My 2-bucket wash process and detailed videos on dust removal address the two most common ways that paint is damaged. I suggest that you take a look at both. :thumb:


----------



## stevept (Nov 22, 2009)

Hi junkman thanks for the advice I watched your video yesterday, I'm going to buy a 2nd wash mitt I was thinking of getting the chenille wash mitt from Kent car care for the lower half of car


----------



## CleanYourCar (Jan 23, 2006)

Some excellent dvice from Junkmann above.

As for pads the Sonus SFX-3 for the SRP and SFX-4 for the galze will be perfect.

Any of the American finishing pads are ideal.


----------



## stevept (Nov 22, 2009)

I have a light green vauxhall I can't see any swirls until I'm in a petrol station or under street lighting . Is there anything I can do to see the swirls when I start to polish. I don't have a garage or access to lights I see people use on here


----------



## Millz (Oct 21, 2010)

Just buy some builders flood lights (like this), not overly expensive and good for the job.
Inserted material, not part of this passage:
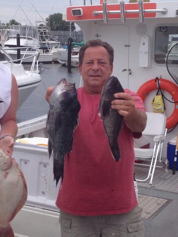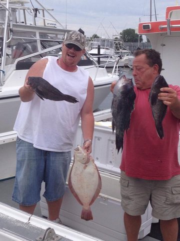 Saturday July 19 We had Sammy group out for some fluke Seabass n ling. it was a pick all day. Catching some real nice fluke and some big sea bass .. We fished a different area today and it paid off for us. The guys even got to catch a bunch of small blues n a big cow nose ray. All in all it was a great day on the ocean. I even got to see my old boat . The original Parker Pete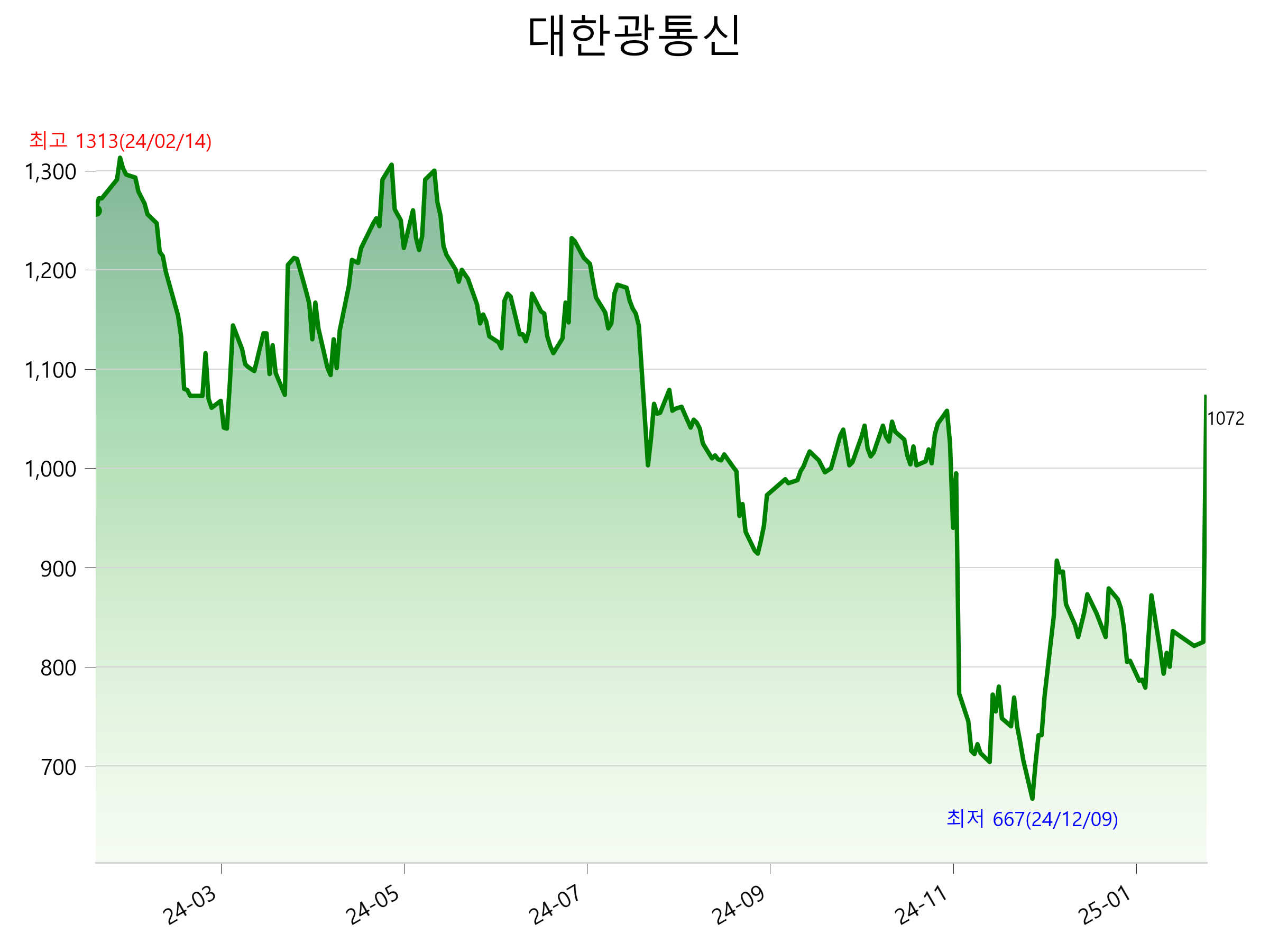 2월 4일 기준 주가는 1,072원 입니다. 아래는 최근 1년간의 주가흐름입니다.

Failing that you can work from an intensive torch (or head torch?).


----------



## stevept (Nov 22, 2009)

With your kestrel das 6 would I get the 5 and 6 inch backing plate


----------



## CleanYourCar (Jan 23, 2006)

If you mean us, you get both a 5 and 6" plate.


----------



## stevept (Nov 22, 2009)

Yea sorry meant you I'll prob get one over Xmas when between Xmas and new year are u open I'm only in Leeds so I could drive over to you


----------



## CleanYourCar (Jan 23, 2006)

Yes we are open the Wednesday and Thursday between. best to give us a ring first but should be here from about 9:30am.

Tim


----------



## Junkman2008 (May 8, 2009)

Millz said:


> Just buy some builders flood lights (like this), not overly expensive and good for the job. Failing that you can work from an intensive torch (or head torch?).


I agree. That's all you need and those things are getting cheaper by the minute. Quality isn't all that great but hey, that's why they're so cheap. They'll definitely get the job done.



CleanYourCar said:


> Yes we are open the Wednesday and Thursday between. best to give us a ring first but should be here from about 9:30am.
> 
> Tim


Can I come? I can drive too!


----------